American chain restaurant

Happy's Pizza is an American regional chain of restaurants, serving pizza, ribs, chicken, seafood, sandwiches, pasta and salad.

== History ==
The first Happy's Pizza restaurant was opened by Happy Asker in 1994 on the east side of Detroit. From 2006 to early 2008, the chain doubled in size and reached 27 locations.

Now the chain has more than 65 locations in Michigan, Nevada, California and Ohio. The pizzerias are known for their granite counter tops, Venetian plaster on their walls and the neon signs in and outside of the building.

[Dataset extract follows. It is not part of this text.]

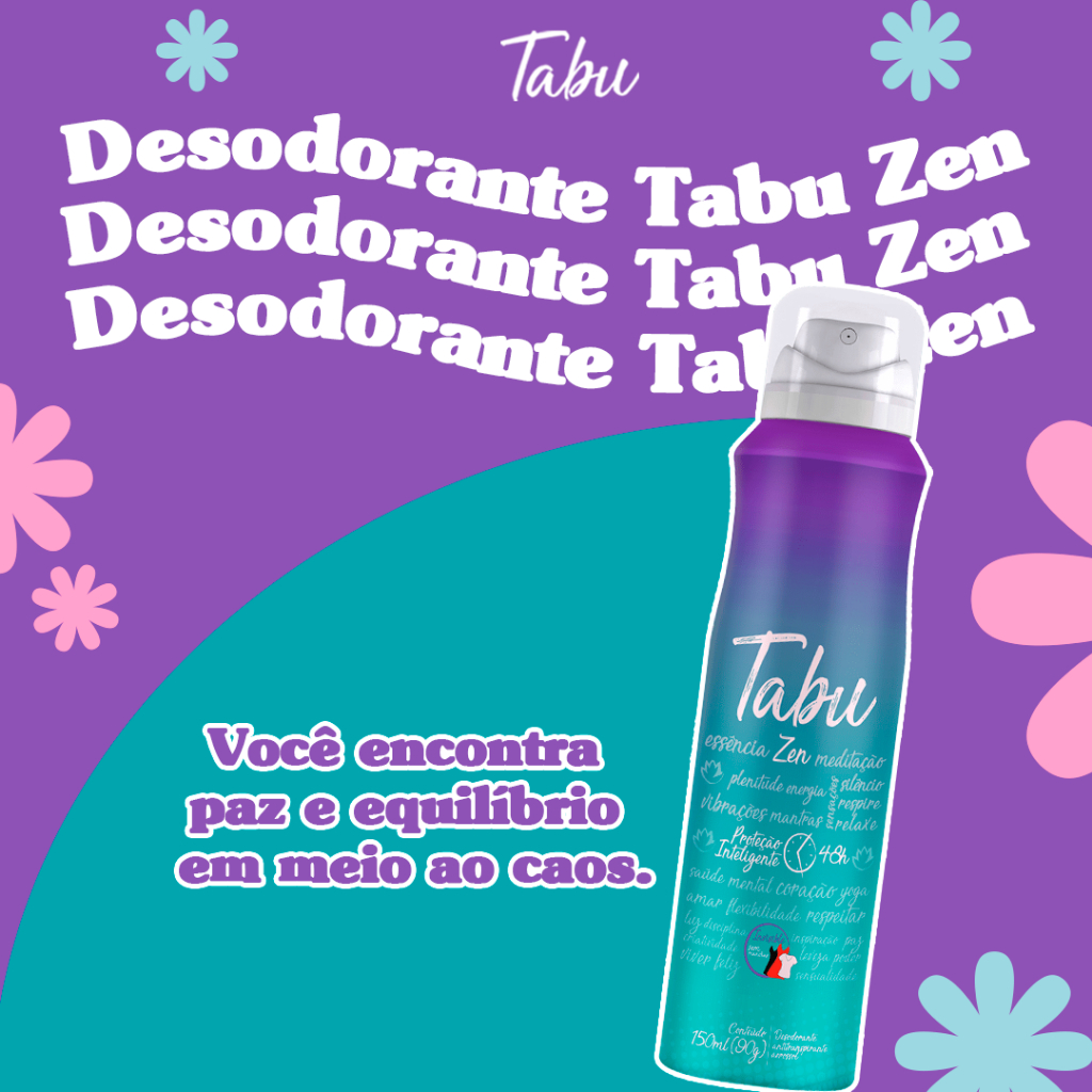 ✨ Fragrância Feminina Para quem busca um desodorante moderno, eficaz e com um perfume equilibrado, o Desodorante Aerosol Antitranspirante Tabu Zen é a escolha certa! Desenvolvido com tecnologia antitranspirante de alta performance, ele age diretamente no controle do suor, mantendo sua pele protegida e seca por mais tempo. Sua fragrância é um convite ao relaxamento, trazendo uma sensação revigorante que dura o dia inteiro. Sinta-se confiante e confortável, independentemente da ocasião! Benefícios: ✅ Proteção contra suor e odores por até 48 horas ✅ Fragrância suave e relaxante do Zen ✅ Pele fresca e protegida durante todo o dia ✅ Fácil aplicação com a praticidade do aerosol ✅ Dermatologicamente testado, adequado para todos os tipos de pele Modo de Uso: 1️⃣ Agite bem o aerosol antes de usar. 2️⃣ Aplique a uma distância de 15 cm das axilas, com a embalagem em posição vertical. 3️⃣ Use após o banho ou sempre que desejar refrescar-se. Composição: BUTANE/ PROPANE/ ISOBUTANE/ ALUMINUM CHLOROHYDRATE/ CYCLOPENTASILOXANE/ ISOPROPYL MYRISTATE/ DIMETHICONE/ C12-15 ALKYL BENZOATE/ QUATERNIUM-18 HECTORITE/ PROPYLENE CARBONATE/ CYCLOHEXASILOXANE/ 2-METHYL 5-CYCLOHEXYLPENTANOL/ PARFUM (ALPHA-ISOMETHYL IONENE/ AMYL CINNAMAL/ BENZYL SALICYLATE/ CITRONELLOL/ HEXYL CINNAMAL/ HYDROXYCITRONELLAL/ LINONENE/ LINALOOL).
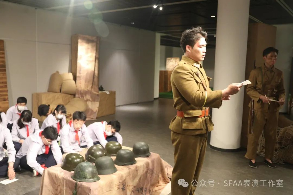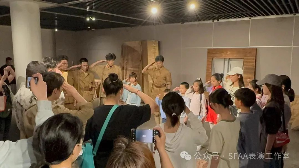 沉浸式体验,作为一种创新的艺术形式,打破了传统戏剧与观众之间的界限。上海电影艺术学院的学生们,通过零距离的互动,带领观众穿越时空,体验抗战英雄的壮烈与伟大。演出分为两场,旨在传递不同的情感与信息。演出分为两场,第一场在下午三点开演,面向的观众是两个特殊的群体。一个是身体具有缺陷的残障人士,同学们通过自己的表演给他们带去温暖。另外一个是充满着朝气和赤子之心的学生们,我校同学的演出,让他们感受到了先烈的伟大,激发他们更浓烈的爱国精神,使他们坚定的努力学习,将来建设祖国。第二场演出在下午六点启幕,本场演出重点在于家庭体验。让我们领略到战士们决战沙场的风采,在战士们身前是枪林弹雨,身后是万家灯火,为了祖国我们绝不退缩。他们越过雄关,他们驰骋疆场他们英勇杀敌,他们要以枪杆做笔写下一个崭新的中国。他们以热血为色,描绘一个青春的中国。通过戏剧的力量,观众得以领略战士们决战沙场的风采,感受他们为了祖国的明天,不惜一切代价的英勇与牺牲。

==Service of otherwise unserved areas==
The company makes a point of opening stores and offering delivery services in areas where other pizza places will not. Happy's Pizza started with one restaurant in Detroit, and grew to a large pizza restaurant chain.

==Fraud convictions==
In 2010, federal agents raided the company's headquarters. On July 16, 2013, Happy Asker and five other shareholders were indicted on counts of fraud and tax evasion. The Office of the United States Attorney for the Eastern District of Michigan alleged Asker and the others came up with a scheme to under-report taxable income and payroll taxes from $2.1 million in wages from more than 50 Happy's Pizza locations in Michigan, Ohio, Indiana and elsewhere. They were charged with conspiracy to defraud the U.S. government, filing false income tax returns, and corrupt endeavor to obstruct IRS laws. The defendants charged with conspiracy faced up to five years in prison and a $25,000 fine. Those charged with filing false tax returns and obstruction faced up to three years in prison and a $250,000 fine on each count. In July 2015, Asker was found guilty on all charges and was sentenced to over four years in prison and ordered to pay $2.5 million in restitution. The other four pleaded guilty. Maher Bashi, the pizza chain's chief operating officer, was sentenced to two years in prison and ordered to pay $620,297. Two franchisees were given prison sentences, while a third received three years probation.